Альтернатива

Екатерина Бабушкина
«Привет.
В прошлой жизни мы мчались на машине, пролетая леса, поля и города.
А в этой – ты женат и у тебя ребёнок. Тебе, честно говоря, это не идёт. Я даже не сразу тебя узнала.
В той жизни – помнишь? – ты любил чувство свободы. Ты был подвижен, молниеносен, решителен. Рядом с тобой хотелось жить. Мы врубали музыку потяжелее на полную громкость, и пускались в путь. Тебя не пугало ни расстояние, ни время.
Ты бывал жёстким, даже дерзким, но не со мной. Нам было хорошо, мы взаправду друг друга любили. Помнишь?..
Сейчас ты тоже рвёшься в путь и ищешь хоть клочок свободы, но находишь её лишь в мимолетных моментах своей обыденной, предсказуемой жизни...
 
Что же мы натворили в той жизни, что в этой нас развели по разные стороны моста? Мы как один питерский мост. Нас постоянно разводят. Между нами тысячи людей, расстояний и преград. Нынешнее время с нами жестоко.
А помнишь, как ты клялся, что никогда не женишься? Конечно, меня это обижало. Хоть что-то общее между тобой–тем и тобой-нынешним. Ты не стал моим мужем ни в той жизни, ни в этой.
 
Ты ведь не помнишь, да? Не узнаешь меня. Меня!.. Ты всегда говорил, что узнаешь меня везде, какой бы я ни стала.
Меня злит то, какой я стала. Я ищу тебя, пытаюсь угодить, бегу. А тебя это бесит. Конечно, бесит! Это же ты – свободный, твердо знающий, что тебе нужно, огненный, стремительный. Твоя суть и сейчас видна, хотя ты упорно давишь её и пытаешься от неё отделаться. Ну а как же, ведь иначе – не миновать очередного семейного скандала?..
 
Ты знал меня другой. Гордой, резкой, громкой, не сдерживающей себя ни в чём. Ты смеялся над моими злыми шутками и любил, что я ни от кого не завишу. Ты и в этой жизни нашёл меня такой. Мы встретились в сложное время моей жизни. Зато позже я стала - до противности слабой и безвольной.
 
Представляю, как ты страдаешь сейчас. Твоя аура стала обволакивающе-тёплой, ты добрый, иногда даже чересчур. Ты безотказный. Возможно, это наказание?.. Ведь тогда ты стрелял в упор. Словом. Взглядом. Оружием. Ты ценил своё время, и тебе плевать было на мольбы – помочь или пощадить.

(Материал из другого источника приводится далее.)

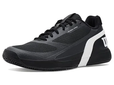 Wilson Rush Pro 5 - Men's Cross Training Shoes : Black/White/Stormy Weather : The Wilson Rush Pro 5 shoes are built on the iconic Rush Pro 4.5 with enhanced cushioning, energy return, durability, and a pedal-specific rubber outsole to enhance pivot movement on the court. Perfect for players of all styles, these low-top shoes deliver comfort and control, enabling swift transitions and explosive performance on the padel court. They are made of a mesh upper, a polyurethane insole, and a polyester lining. Their thermoplastic polyurethane Speed Plate enables quick transitions, while the Endofit midfoot support and thermoplastic polyurethane stability chassis ensure a locked-in fit and exceptional lateral control for aggressive play. From the super-compressed sockliner to the midsole for maximum comfort, these shoes provide optimal rebound and cushioning. These lace-up shoes will become your go-to choice for outdoor adventures. ; Round toe silhouette. ; Imported. Measurements: ; Heel Height: 9 10 in ; Product measurements were taken using size 9, width D - Medium. Please note that measurements may vary by size. | Wilson Rush Pro 5 Men's Cross Training Shoes Black/White/Stormy Weather : 7.5 D - Medium, Textile
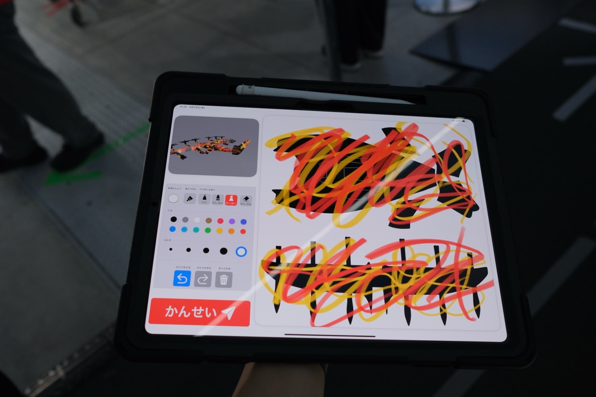 イマーシブシアター体験の前には、空飛ぶクルマに色を塗ることができます。パーツごとに色を塗り分けてもつまらないと思い、何か柄ものの機体ができないかなと思って塗ってみたら…
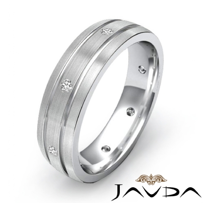 Brushed Finish Bezel Diamond Eternity Men's Wedding Band 14k W Gold (0.2Ct. tw.)
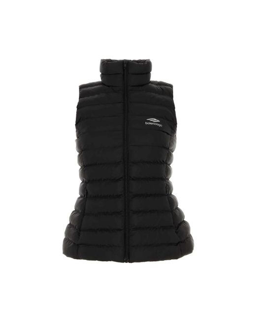¡Aprovecha las mejores rebajas! Chaleco acolchado para mujer de Balenciaga con estampado del logo en el pecho. Cuenta con cuello alto, cremallera frontal, diseño sin mangas y dobladillo recto. Colaboración con Good On You para una evaluación ética. Obtuvo una alta calificación en estándares ambientales, sociales y de bienestar animal. Color: negro
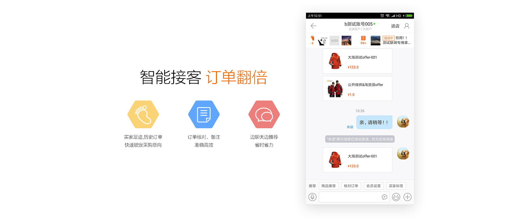 整体电商从PC端往无线端快速发展,我们的淘卖,天猫等下游客户的采购足迹,客户画像,手机一键推荐商品,查看店铺数据,使用移动快捷的操作工具,节省人力成本,提高客户响应率
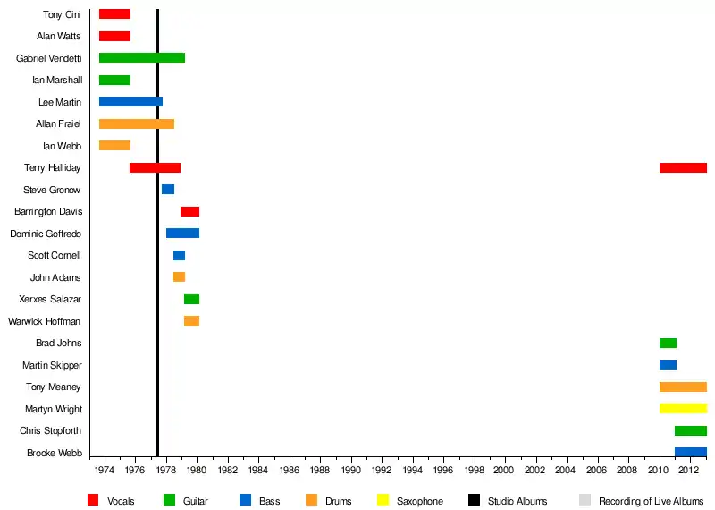 • Terry Halliday – vocals, rhythm guitar, synthesiser (1975–1979, 2010–present)

В этой жизни ты тоже любишь оружие, даже подарил сыну пневматическое ружьё. Но то ли дело было тогда… Помню, как соблазнительно блестел ствол в твоих больших, сильных руках. Я любила, когда ты злился и отстреливал неугодных. После этого мы проводили совершенно умопомрачительные ночи. Драйв, похоть, расточительство и разврат.
А теперь ты такой светлый, что я даже удивлена, как нашла тебя.
Ты смотришь на меня, и боишься того, что чувствуешь. Ведь ты чувствуешь не меня, а себя. Себя настоящего. Ты привык врать себе, что ты правильный и порядочный. Что ты семьянин, что ты кому-то что-то должен. Что ты кому-то там нужен.
Да, кстати, о жене. Ведь неспроста ты выбрал такую дрянь. Ты просто всегда искал меня.
А теперь, когда я действительно рядом, ты рассказываешь мне о ней, как о своей настоящей. О том, как сложно тебе приходится. Если бы ты знал, как это невыносимо.
Но я покажу, и ты всё поймёшь.
 
Знаю, ты однажды вспомнишь, кто же мы такие.
Я оставлю это письмо тут, на нашем месте.
С этой крыши виден Исаакиевский. Хочу, чтобы ты знал, что последним видом перед моими глазами был именно он. Меня всегда сюда тянуло.
Моя месть? Пожалуй.
Ты любил месть.
Мой последний подарок тебе.»
* * *
Он услышал о трагедии, когда подъезжал к офису.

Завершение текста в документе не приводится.